I'm not aware of a predictable way to ensure more of one sex of calf verses the other sex via natural service. Females are XX and Males are XY, so at each conception there is a 50 percent chance of a male or female calf.
Researchers have sought methods to sex semen for many years. In this research, they collect the bull and use a technique to separate the X and Y chromosomes. Following is an excerpt from an article from the 2003 Range Beef Cow Symposium on sexed semen:
There is a method that works under laboratory conditions. X-chromosome-bearing bull sperm, which lead to females, have about 4 percent more DNA than Y-chromosome-bearing ones, which lead to males. By placing sperm in a solution of DNA-binding dye, X-chromosome-bearing sperm become more brightly stained than Y-chromosome-bearing sperm. By use of lasers plus a device called a cell sorter, it is possible to separate the sperm into three test tubes -- male, female, and unsexable, which is the majority. Those in the sexed test tubes accumulate at about 1,000 sperm per second, with an accuracy of just over 80 percent. Although 500 sperm per second of each sex is phenomenally rapid, in reality it is too slow to be practical for most purposes. For example, one straw of semen often contains 50 million sperm (30 million motile before freezing). At 500 sperm per second, it would take 100,000 seconds per straw or more than 24 hours to produce one dose of semen.
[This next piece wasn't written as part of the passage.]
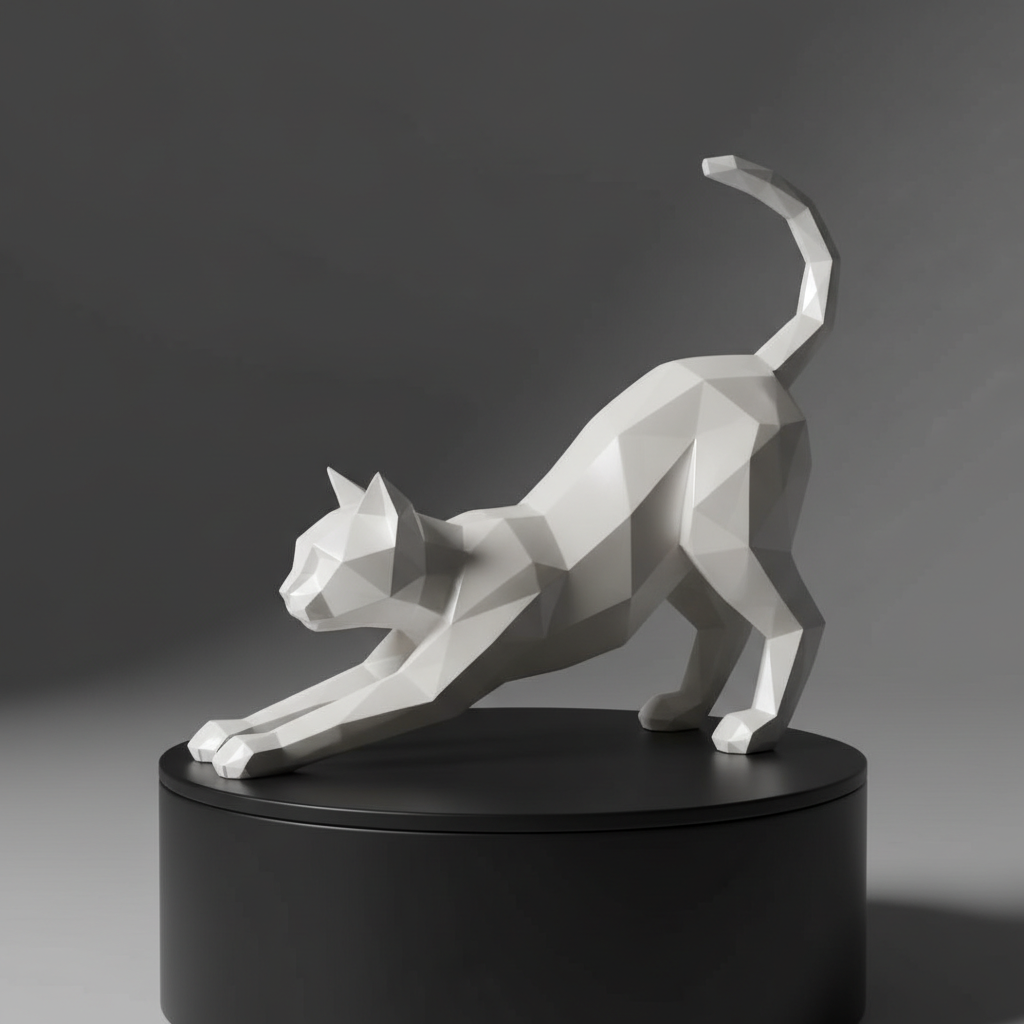 Low-poly cat stretching sculpture. sharp edges, complex geometry, game-ready, character.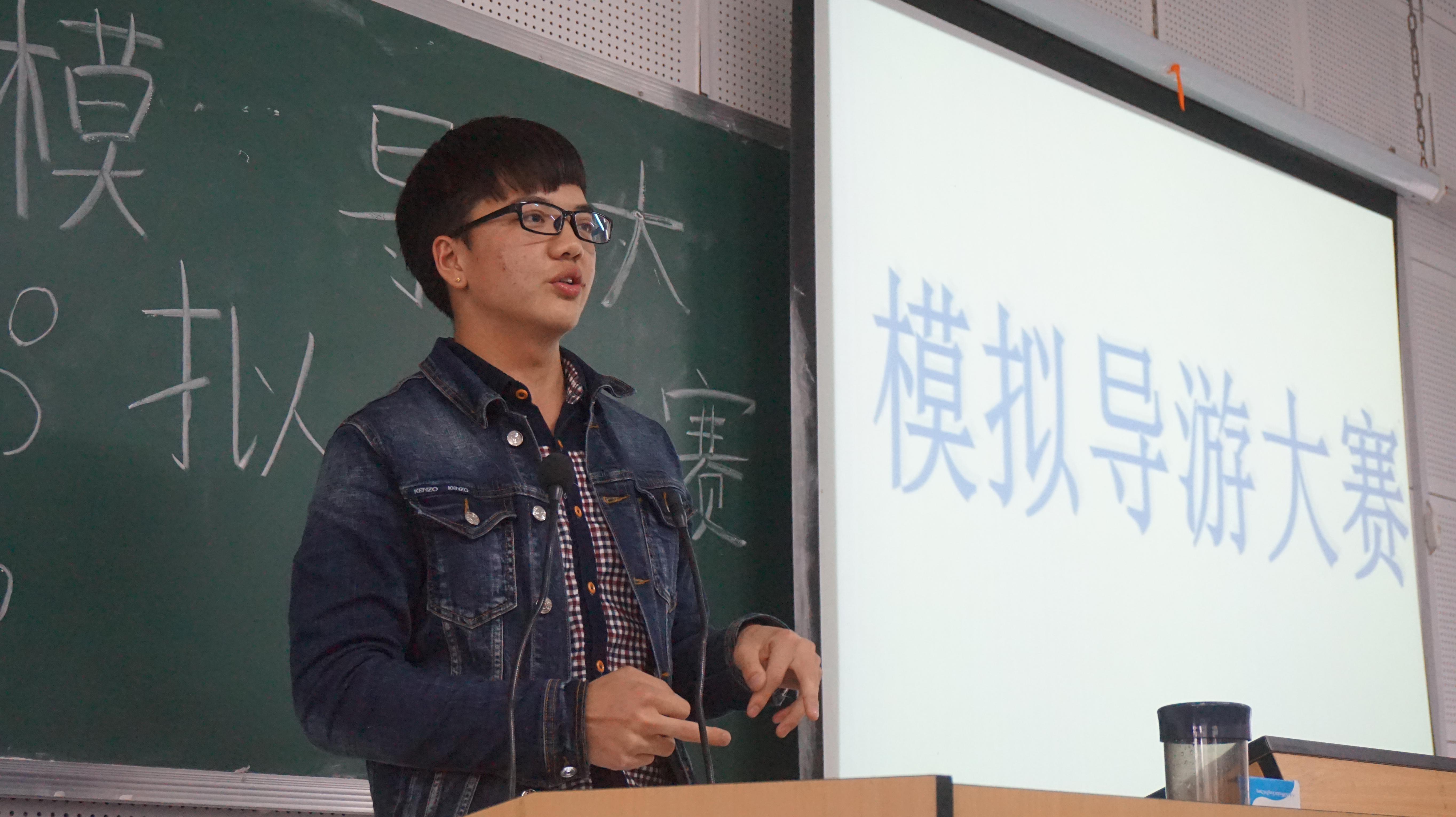 模拟导游大赛是我校传统比赛,目的是为进一步推进素质教育,提高大学生的专业素质和实际应用能力,在展示大学生的学生风采同时增强大家对祖国大好河山的认识和了解。我院非常重视此次模拟导游大赛。在我院举办的本次模拟导游大赛,秉承展现文化内涵、智慧才华与表现气质并重的原则,旨在激发学生潜力,培养学生综合素质,着力全方位体现我院学子的风采,同时促进和谐、文明校园氛围的构成。据悉,本次比赛的优胜者将代表学院参加校级模拟导游大赛,预祝他们在校赛中取得优异成绩,为学院争光。

The logistics of keeping sperm viable for such lengths of time at room temperature are considerable. The equipment is very expensive -- over $50,000 per setup -- and complicated to operate. Fertility probably would be lowered somewhat, and the long-term consequences of adding dye to DNA are unknown. However, procedures for sexing sperm have improved markedly over the next few years, and one practical application -- use of such sperm with in vitro fertilization, which requires few sperm -- may not be far off.